At the beginning of the year, President Vladimir Putin announced tax increases, which officials euphemistically refer to as a “fine-tuning” of the tax system. The concrete details of this “fine-tuning” were unveiled immediately after his inauguration in May. The changes will affect two direct taxes that showed the biggest growth rates in 2023: income tax, which grew 14 percent, and profit tax, which grew 25 percent. In the last five years, the total sum raised via these two taxes averaged 7–8 percent of GDP.
Income tax will now consist of a five-band scale ranging from 13 percent to 22 percent. A cautious move away from the flat rate of 13 percent began back in 2021, when the rate was raised to 15 percent for individuals earning more than 5 million rubles a year (about $55,000 at today’s exchange rate). In 2023, those additional 2 percentage points provided the budget with 160 billion rubles ($1.8 billion).
Now the 13 percent rate will only apply to those who earn less than 2.4 million rubles a year (about $27,000). That is a relatively high rate for the population segment with the lowest income, compared with most countries.
The Finance Ministry claims that the changes will only affect 3.2 percent of workers, or 2 million people. But the impact on the country’s finances will be far from insignificant. The previous increase in income tax to 15 percent applied to less than 1 percent of taxpayers, but they provided almost a quarter of the total personal income tax collected. And now the top rate will be not 15 percent, but 22 percent.
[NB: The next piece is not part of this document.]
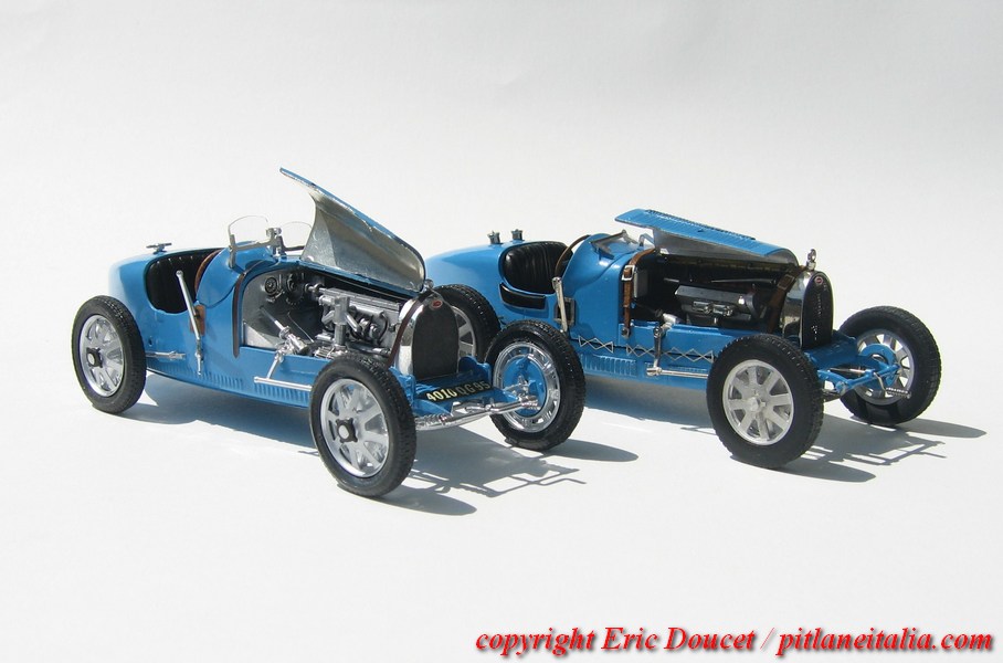 Presentiamo alcuni modelli di Eric Doucet, un modellista di cui PLIT ha già pubblicato altri lavori. Stavolta il tema prescelto è la Bugatti. Nelle foto della gallery, alcuni montaggi da kit Monogram, Matchbox e Airfix 1:24 e 1:32, nonché modelli speciali CG Models di Christian Gouel. Il diorama è un Miniart, cui Doucet ha aggiunto delle ruote a raggi Le Mans Miniatures, marca cui si deve anche il figurino. I diecast Solido 1:43 sono stati infine trovati in qualche mercatino per pochi euro. Troviamo infine una T57 di Looksmart, ormai fuori produzione. Affascinante il colpo d’occhio generale, no?
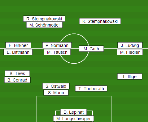 | Aufstellung | D. Lepinat (M. Langschwager) - S. Tews (B. Conrad), S. Ostwald (S. Mann), T. Theberath, L. Illige - F. Birkner (E. Dittmann), P. Normann (M. Tausch), M. Guth, J. Ludwig (M. Fiedler) - R. Stempnakowski (M. Schönmottel), K. Stempnakowski |

The authorities have also promised tax relief for low-income families with two or more children. That measure should affect about 4 million families, but will only come into force in 2026, by which time inflation may have significantly reduced the number of eligible families. Even taking into account those deductions, the Finance Ministry still expects to raise an additional 530 billion rubles ($6 billion) by increasing the personal income tax rates.
The increase in profit tax is even more radical: from 20 percent to 25 percent. At its current rate, this tax brought the treasury almost 8 trillion rubles ($89 billion) in 2023. The proposal to increase profit tax came from none other than Russian business quarters themselves—in order to be rid of unpredictable measures such as last year’s windfall tax and exchange rate duty. The Russian authorities readily agreed to cancel the latter in exchange for the increase in profit tax. It is expected that when investment payments are taken into account, the new rate will bring an additional 1.6 trillion rubles ($17.8 billion) to the budget.
The Finance Ministry is also proposing to increase the mineral extraction tax (MET) in certain industries. The biggest increase will be seen by producers of mineral fertilizers. The MET on gold was already temporarily increased for a period of six months.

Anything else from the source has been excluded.